20. Similarly in Paramjeet Singh v. State of Uttarakhand; AIR 2011 SC 200 also Hon?ble Apex Court was pleased to observe as under:-
?When the witness was declared hostile at the instance of the public prosecutor and he was allowed to cross examine the witness furnishes no justification for rejecting embloc the evidence of the witness. However, the court has to be very careful, as prima facie, a witness who makes different statements at different times, has no regard for the truth. His evidence has to be read and considered as a whole with a view to find out whether any weight should be attached to it. The court should be slow to act on the testimony of such a witness; normally, it should look for corroboration to his testimony?.
21. It feels pain to observe that in our present system of trial despite having sufficient power to the judge to ask questions to the witnesses in order to find out truth, most of them do not ask questions to the witnesses to shift the grain from the chaff. Practice of leaving witnesses to the Advocates, when a witness becomes hostile or is a interested witness, is not un-common in the trial Courts. Time and again Hon'ble Apex Court has reminded that a Judge does not preside over a criminal trial merely to see that no innocent man is punished, but a Judge also presides to see that a guilty man does not escape. Both are public duties, which the Judge has to perform. Therefore, the trial Court must shed their inertia and must intervene in all those cases where intervention is necessary for the ends of justice.
22. No proper explanation of injuries on the person of injured witnesses have been given. Mere suggestion is not sufficient. Moreover it itself indicates a false case. All the witnesses being the close relatives, it is beyond apprehension that they instead of naming out real culprit, they would falsely implicate the accused persons knowing them innocent.
23. This Court has gone through the impugned judgment and evidence on record. The trial court relying on the testimony of witnesses, even though who were interested witnesses, has concluded that the accused had assaulted the injured persons. Looking into the totality of statement of witnesses, the conclusion drawn by the trial court cannot be said to be reasonable.
24. It is established principle of law of evidence that statement of witness is to be read as a whole and conclusion should not be drawn only by picking up a single sentence of the statement of a witness.
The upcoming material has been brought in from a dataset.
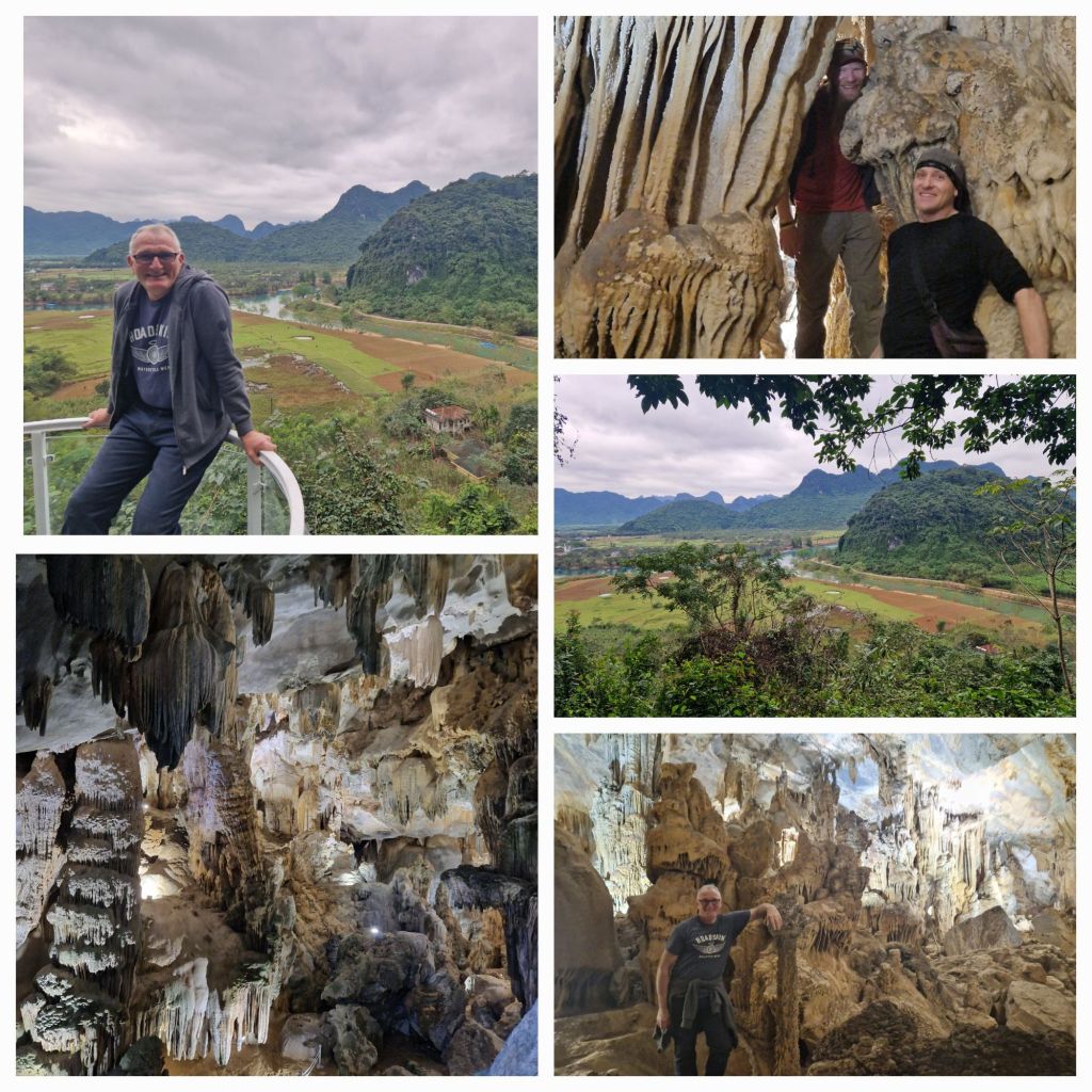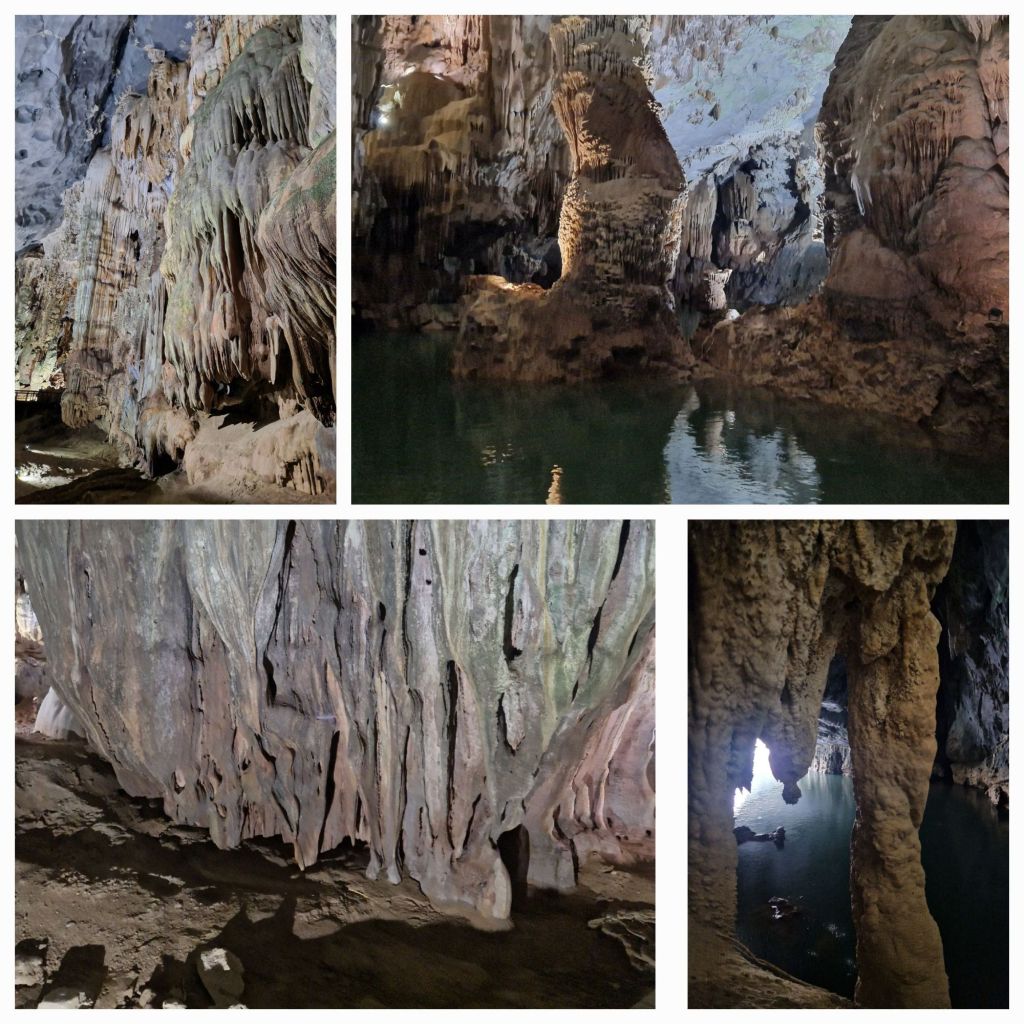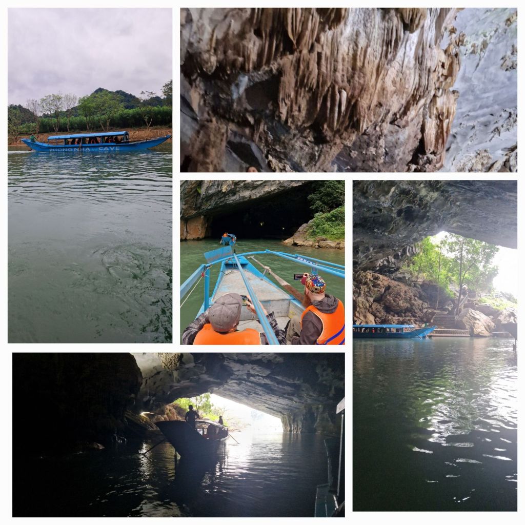 Phong Nha is situated in the Ke Bang National Park and is home to Tigers, Black bears and elephants, as well as spectacular limestone casts amongst the towering mountains. The caves were only discovered in the 1990’s and turned out to be some 37km long. The lower cave entrance is big enough to take the boats used by our guide. The stalagtights formed of various elements contained in the dripping water have built up over millions of years.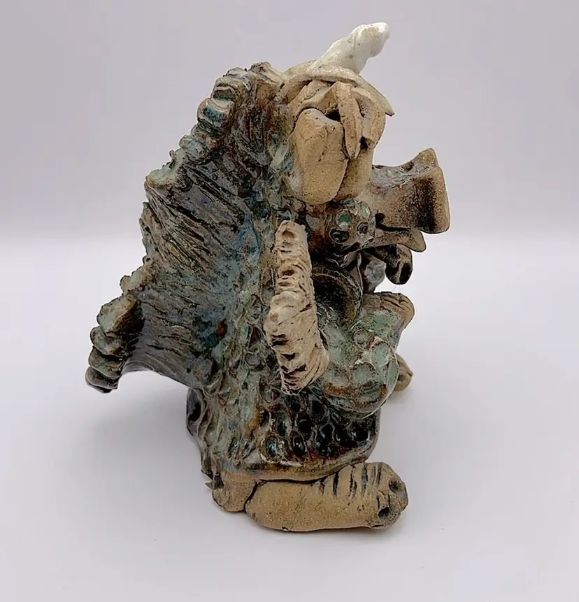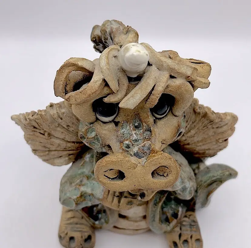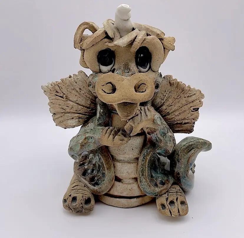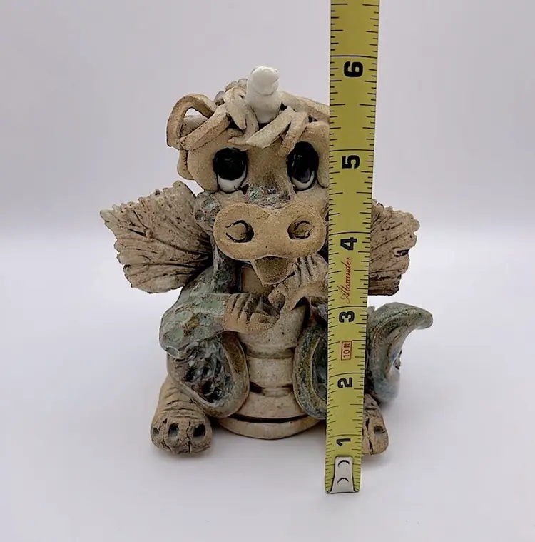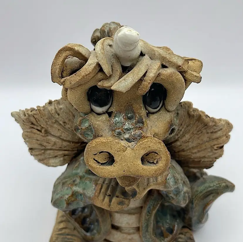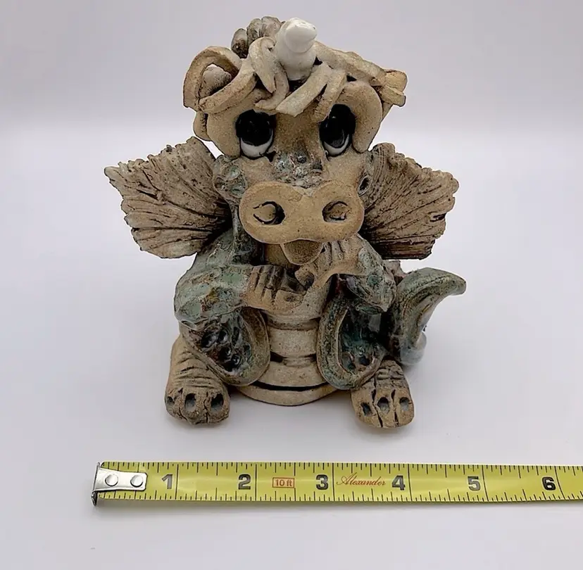 Handmade, Signed, Clay, Wide Eyed Dragon Figurine, Green and White Glaze, 6” Please see pictures for measurements.

Thus the trial court has overlooked the material evidence available on record with regard to guilt of accused and to that extent conclusion drawn by the trial Court suffers with patent infirmity and perversity and therefore, liable to be reversed and set aside.
25. Thus in view of above, after analysis of circumstances of present case in the light of aforesaid settled legal principles, I come to the conclusion that the trial court has erred passing the impugned judgment and order, therefore, this appeal succeeds and is allowed. The judgment and order dated 23.07.2008 passed by learned Additional Special Sessions Judge/S.C. & S.T. Act/F.T.C.-4, Court No.13, Sultanpur, in Special Sessions Trial No.9/2007 "State vs. Jagesar Verma and Others", arising out of Case Crime No./Court Case No.5/2005, relating to Police Station-Sangrampur, District-Sultanpur, by which the appellants have been convicted under Section 323/34 with a fine of Rs.300/- and in default of payment of fine two months imprisonment is set aside and reversed. The appellants, namely, appellant no.1 Babu Lal, appellant no.2, namely-Ram Asarey and appellant No.3, namely-Raj Bahadur Verma are acquitted of charges under Section 323/34. Their personal bonds and surety bonds are canceled and sureties are discharged.
26. Let record of lower Court be sent back to Court concerned along with copy of judgment and order for information.